Activity ::
Exact copy, pictures excluded: please retype the lines from the start of the material through the line containing "Håndopvask, Vel Regular, 1000", both ends included, and nothing more.

Input data ::

——

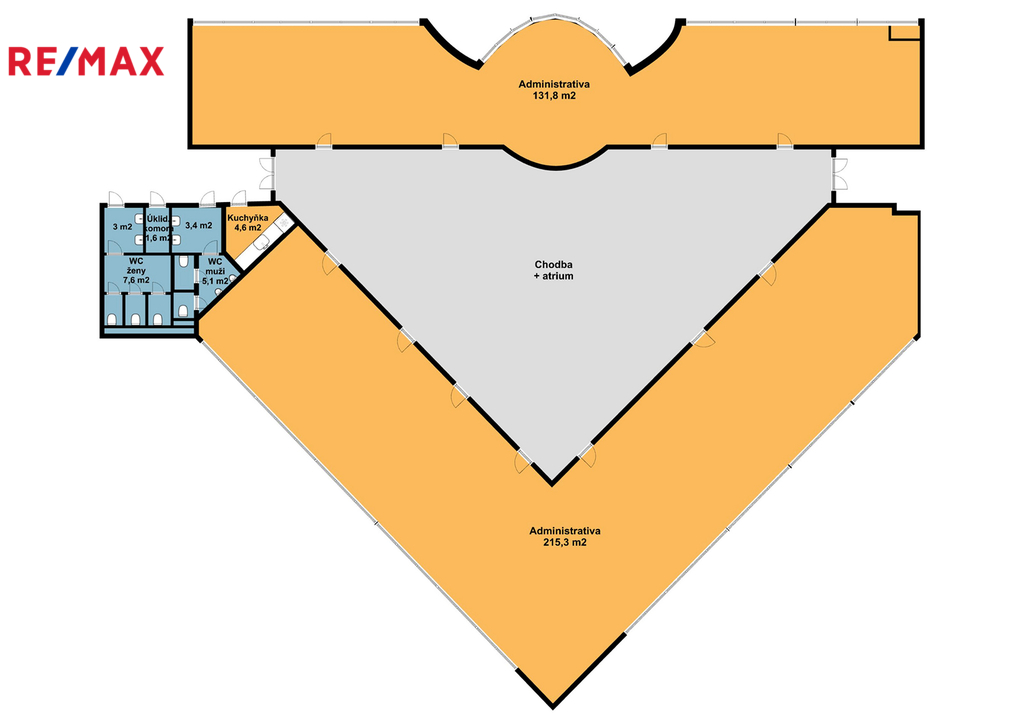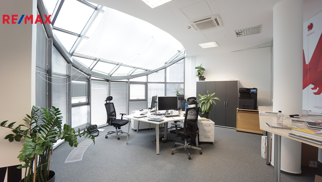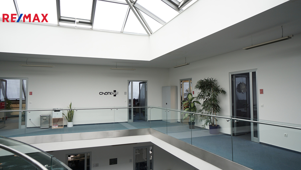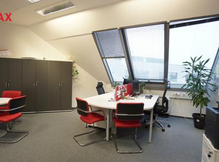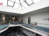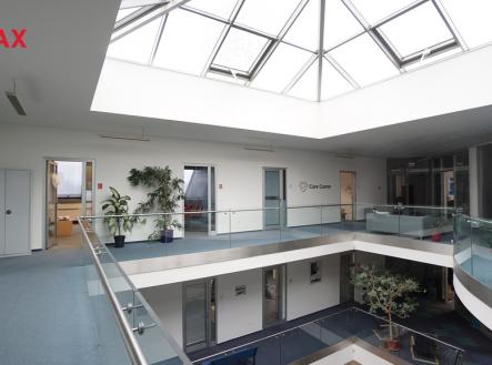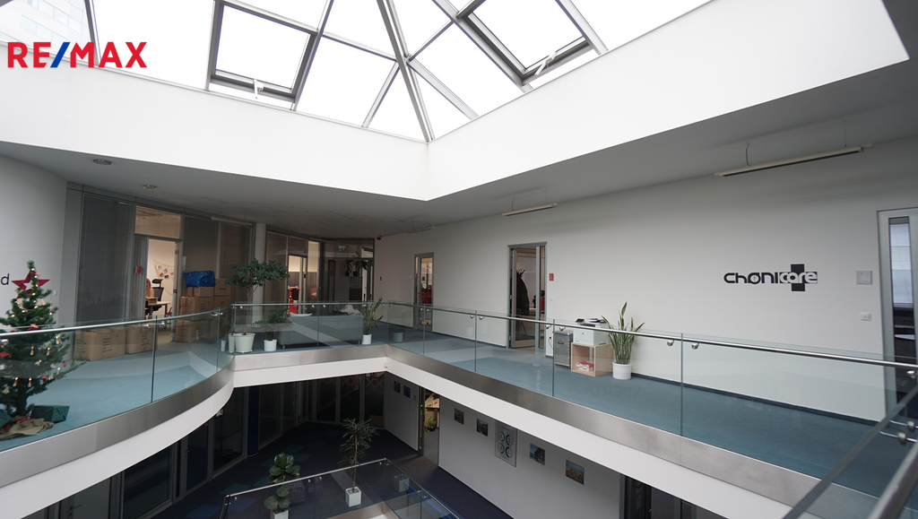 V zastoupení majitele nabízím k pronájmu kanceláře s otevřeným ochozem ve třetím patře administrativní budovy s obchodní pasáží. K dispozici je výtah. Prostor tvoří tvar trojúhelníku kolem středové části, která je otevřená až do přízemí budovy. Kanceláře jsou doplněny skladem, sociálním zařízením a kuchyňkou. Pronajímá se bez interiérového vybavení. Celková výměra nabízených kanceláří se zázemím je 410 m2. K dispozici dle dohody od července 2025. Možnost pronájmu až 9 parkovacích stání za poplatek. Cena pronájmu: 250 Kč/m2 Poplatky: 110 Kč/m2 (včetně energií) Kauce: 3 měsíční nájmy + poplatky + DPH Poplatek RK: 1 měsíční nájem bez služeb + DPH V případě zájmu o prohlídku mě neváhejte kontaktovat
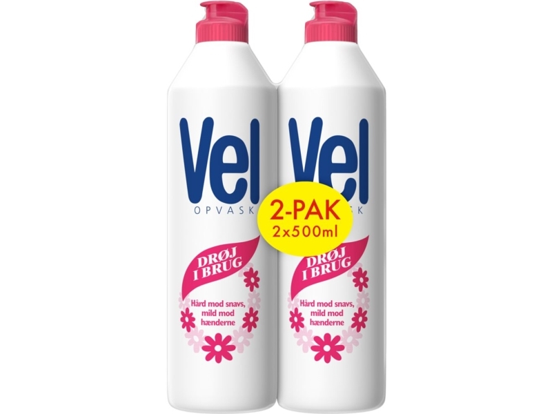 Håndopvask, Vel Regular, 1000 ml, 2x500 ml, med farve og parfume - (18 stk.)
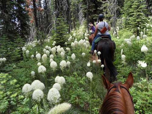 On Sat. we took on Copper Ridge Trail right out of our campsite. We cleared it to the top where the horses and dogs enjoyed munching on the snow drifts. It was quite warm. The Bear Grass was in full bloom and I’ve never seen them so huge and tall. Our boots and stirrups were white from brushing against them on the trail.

——

Exercise result ::
 V zastoupení majitele nabízím k pronájmu kanceláře s otevřeným ochozem ve třetím patře administrativní budovy s obchodní pasáží. K dispozici je výtah. Prostor tvoří tvar trojúhelníku kolem středové části, která je otevřená až do přízemí budovy. Kanceláře jsou doplněny skladem, sociálním zařízením a kuchyňkou. Pronajímá se bez interiérového vybavení. Celková výměra nabízených kanceláří se zázemím je 410 m2. K dispozici dle dohody od července 2025. Možnost pronájmu až 9 parkovacích stání za poplatek. Cena pronájmu: 250 Kč/m2 Poplatky: 110 Kč/m2 (včetně energií) Kauce: 3 měsíční nájmy + poplatky + DPH Poplatek RK: 1 měsíční nájem bez služeb + DPH V případě zájmu o prohlídku mě neváhejte kontaktovat
 Håndopvask, Vel Regular, 1000 ml, 2x500 ml, med farve og parfume - (18 stk.)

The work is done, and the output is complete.